Goon estaba efectuando su ronda habitual y, al pasar ante el domicilio del señor Fellows, entró a ver si había alguna novedad por pura rutina. Pero como no salía humo de las chimeneas y todo continuaba en silencio, el hombre limitóse a atisbar el interior por las ventanas, dispuesto a no volver a entrar solo en aquella casa si no era absolutamente necesario.
Excuso decir su sorpresa al ver a Fatty allí sentado en compañía de un hombre que, sin duda, era Fellows. El policía quedóse mirándolo, boquiabierto. Luego montó en cólera. ¿Cómo era posible que aquel diablo de chico estuviese allí otra vez, metiendo las narices en lo que no le importaba y adelantándose a las iniciativas de la policía local?
—Abra usted la puerta, caballero —rugió en voz alta el señor Goon—. Tengo algo que decirle.
Echando una mirada incendiaria al coloradote policía, el señor Fellows fue a abrir la ventana.
—¿Qué hace usted atisbando por mi ventana? —inquirió el señor Fellows, furioso—. ¿No ve que estoy aquí sentado, conversando con un amigo? ¿Qué le trae por esta casa?
—¿Un amigo? —barbotó el señor Goon, fulminando a Fatty con la mirada—. ¿Es amigo suyo este chico?
—Pienso denunciarle por su extraña conducta —prosiguió el señor Fellows—. Estoy en mi casa y, por otra parte, no he hecho nada que autorice a la policía merodear por la finca.
—¡Pero… pero… si hubo un robo! —balbuceó el señor Goon—. La casa estaba toda en desorden y…
—Aquí no ha habido ningún roto —repuso el señor Fellows—. Que yo sepa, no falta nada absolutamente. En cuanto al hecho de que la casa estuviera desordenada, no tiene importancia. Soy muy desordenado. Además, tengo perfecto derecho a poner mi propia casa patas arriba si lo deseo, ¿no es eso?
—La puerta anterior estaba abierta de par en par —insistió el señor Goon, entre enojado y aturdido.
—Eso no tiene nada que ver —gruñó el señor Fellows—. Soy bastante desmemoriado. A veces, me olvido de cerrar la puerta. Y ahora…, váyase, ¿me oye? ¡«Váyase»!
Fatty no cabía en sí de gozo. ¡Pensar que Goon estaba siempre ahuyentando a la gente y ahora se trocaban los papeles y el despedido era él! Pero el policía tenía aún algo que decir.

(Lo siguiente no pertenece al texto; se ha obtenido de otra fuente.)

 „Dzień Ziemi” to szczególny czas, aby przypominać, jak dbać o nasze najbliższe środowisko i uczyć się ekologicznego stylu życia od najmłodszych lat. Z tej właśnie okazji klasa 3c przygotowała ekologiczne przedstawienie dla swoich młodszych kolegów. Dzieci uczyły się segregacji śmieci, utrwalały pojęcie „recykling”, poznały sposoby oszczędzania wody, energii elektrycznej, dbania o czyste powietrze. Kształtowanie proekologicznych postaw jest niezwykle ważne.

—De todos modos —espetó—, permítame advertirle que no tiene usted derecho a marcharse dejando animales abandonados en la casa.

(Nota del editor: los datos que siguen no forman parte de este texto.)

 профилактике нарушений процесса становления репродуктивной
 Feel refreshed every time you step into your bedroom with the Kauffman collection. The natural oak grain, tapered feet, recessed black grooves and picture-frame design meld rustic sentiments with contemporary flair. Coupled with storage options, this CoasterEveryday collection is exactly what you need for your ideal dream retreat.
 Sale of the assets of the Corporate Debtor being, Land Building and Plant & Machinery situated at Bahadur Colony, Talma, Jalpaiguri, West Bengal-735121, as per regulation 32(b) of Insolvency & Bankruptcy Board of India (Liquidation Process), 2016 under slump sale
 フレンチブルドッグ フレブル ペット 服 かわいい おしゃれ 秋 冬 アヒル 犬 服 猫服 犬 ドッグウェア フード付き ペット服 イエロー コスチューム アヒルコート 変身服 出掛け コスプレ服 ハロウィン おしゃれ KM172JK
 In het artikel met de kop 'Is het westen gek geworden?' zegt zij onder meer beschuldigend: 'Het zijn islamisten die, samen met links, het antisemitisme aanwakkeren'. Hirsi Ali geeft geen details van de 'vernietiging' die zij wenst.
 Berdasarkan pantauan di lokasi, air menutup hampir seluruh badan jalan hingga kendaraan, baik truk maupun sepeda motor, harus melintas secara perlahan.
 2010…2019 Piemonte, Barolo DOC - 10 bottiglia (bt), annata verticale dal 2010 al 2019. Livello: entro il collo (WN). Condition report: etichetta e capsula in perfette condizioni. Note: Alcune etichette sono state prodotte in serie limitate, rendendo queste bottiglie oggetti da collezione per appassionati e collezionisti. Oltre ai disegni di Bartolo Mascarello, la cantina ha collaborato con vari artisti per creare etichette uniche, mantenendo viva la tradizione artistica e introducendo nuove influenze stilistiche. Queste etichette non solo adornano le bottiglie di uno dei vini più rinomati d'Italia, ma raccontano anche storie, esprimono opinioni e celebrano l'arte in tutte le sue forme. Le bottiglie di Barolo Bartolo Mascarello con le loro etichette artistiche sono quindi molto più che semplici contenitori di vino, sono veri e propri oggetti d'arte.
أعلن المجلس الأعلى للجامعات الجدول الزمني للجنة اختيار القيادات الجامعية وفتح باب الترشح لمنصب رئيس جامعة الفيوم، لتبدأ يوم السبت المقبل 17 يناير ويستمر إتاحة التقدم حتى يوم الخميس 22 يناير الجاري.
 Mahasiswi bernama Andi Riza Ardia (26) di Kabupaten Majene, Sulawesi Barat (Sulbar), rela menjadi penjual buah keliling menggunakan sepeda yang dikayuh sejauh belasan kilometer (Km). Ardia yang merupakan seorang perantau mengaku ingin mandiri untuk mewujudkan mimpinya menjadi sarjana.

—El gatito está perfectamente —replicó el señor Fellows con firmeza.
Pero en el momento que se disponía a cerrar la ventana, el señor Goon introdujo un enorme brazo azul marino para impedírselo.

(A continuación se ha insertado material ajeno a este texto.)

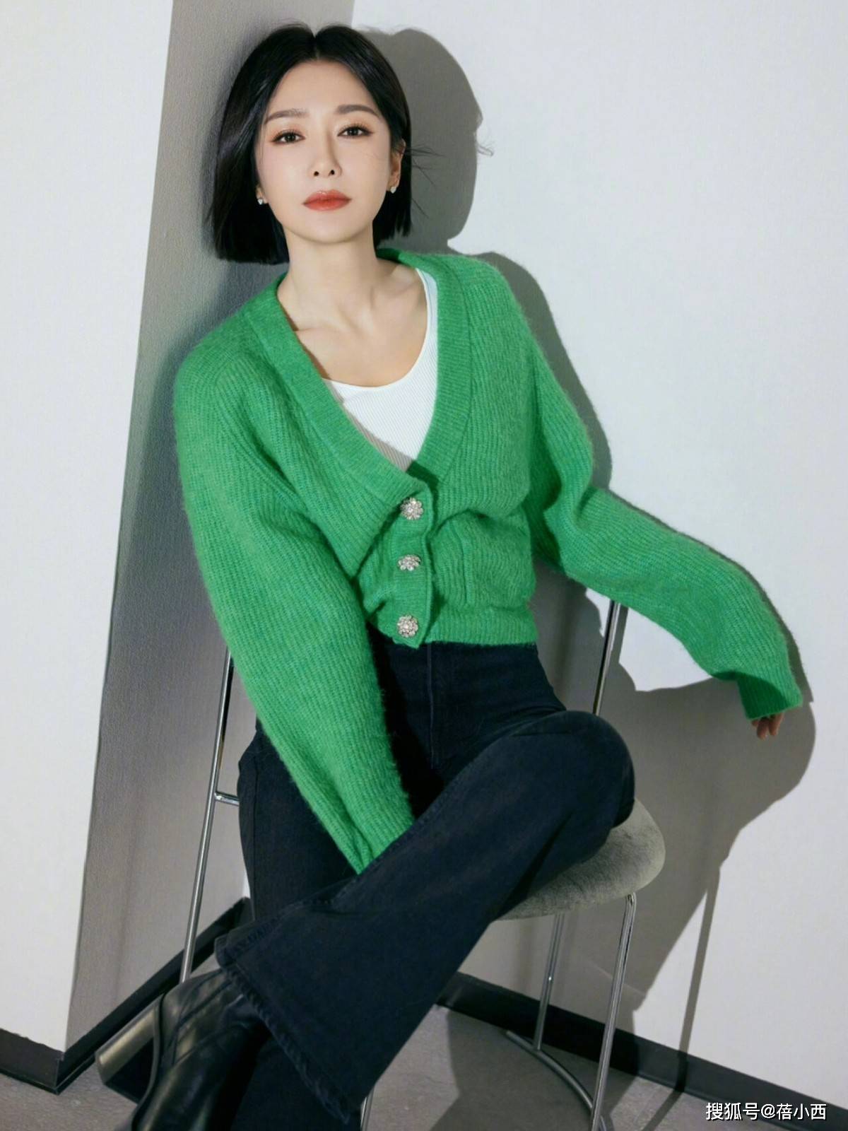 针织衫的领口比较低,所以一定要在里面搭配上一件内搭,你可以跟秦岚一样选择T恤搭配在里面,用白色T恤和绿色针织衫叠加起来,既能够展现层次感,而且也比较的保暖。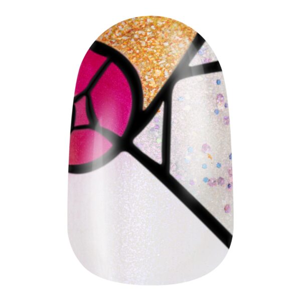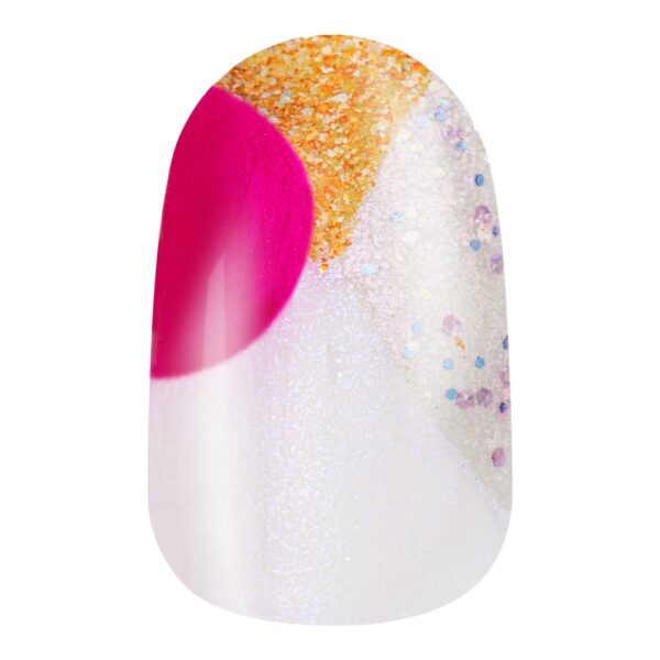With the detail brush and OPI Nail Lacquer in Five Golden Flings, apply a triangle of colour at the tip. Create an additional triangle with OPI Nail Lacquer in Put On Something Ice on the opposite side of the nail. Allow to dry.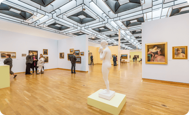Spacious galleries that showcase a diverse range of contemporary and modern art, including paintings, sculptures, installations, and multimedia works.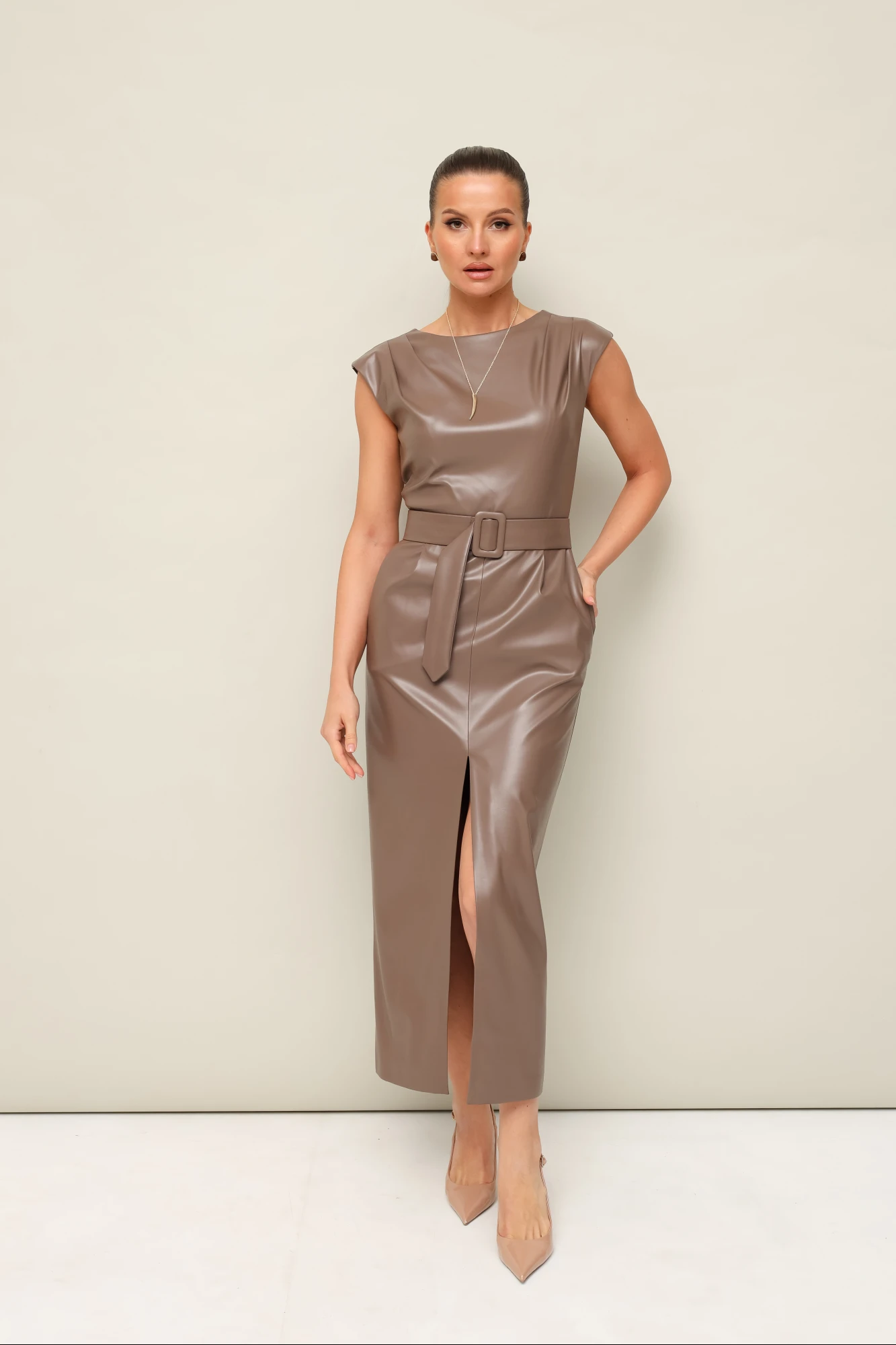 Стильное платье отрезное по линии талии в длине миди, выполнено из экокожи. Округлый вырез горловины. По плечевым швам лифа и по талии обработаны защипы. Юбка со средним швом, переходящим в разрез. Спинка в V-образным вырезом. В среднем шве застёжка на потайную тесьму молнию. В комплекте прилагается пояс из основной ткани с обтяжной пряжкой.

—¿Y el perro? —interrogó—. ¿Y el cerdo?
El señor Fellows quedóselo mirando, sorprendido. ¿Estaría en su sano juicio aquel policía?
—¿A qué perro y a qué cerdo se refiere? —preguntó—. ¿Está usted seguro, agente?
—¿Qué dice usted? —bramó el señor Goon, bregando por mantener la ventana abierta—. ¿Y qué hay del individuo que gemía, preguntando por su tía?
Al oír esto, el señor Fellows llegó a la conclusión de que, efectivamente, el señor Goon deliraba, y volvióse a mirar a Fatty. ¡Pero éste había desaparecido!
En el curso de la discusión entablada entre ambos hombres, el muchacho había entrevisto una oportunidad de escabullirse al piso a examinar las zapatillas, los botines y los pijamas. Y a pesar de su resistencia a abandonar el campo de batalla donde tan encarnizadamente se las habían el señor Fellows y el señor Goon, comprendió que no podía desaprovechar aquella ocasión.
Así, pues, tomando el gatito, salió de la estancia. El gato sería el pretexto de su excursión al piso, porque, ¿qué tendría de particular que el animalito hubiese subido arriba y él hubiera ido a buscarlo?
Total, que Fatty emprendió la ascensión de la escalera, sonriendo al oír gritar al señor Goon la pregunta sobre el perro y el cerdo. ¡Qué risa! ¡Probablemente, el señor Fellows le tomaría por loco!
En el piso reinaba asimismo el más perfecto desorden. Siempre de puntillas, el chico dirigióse al aposento más espacioso, convencido de que allí estaba el dormitorio del señor Fellows. ¡Una vez dentro, todo era cuestión de buscar las zapatillas, el pijama y el batín!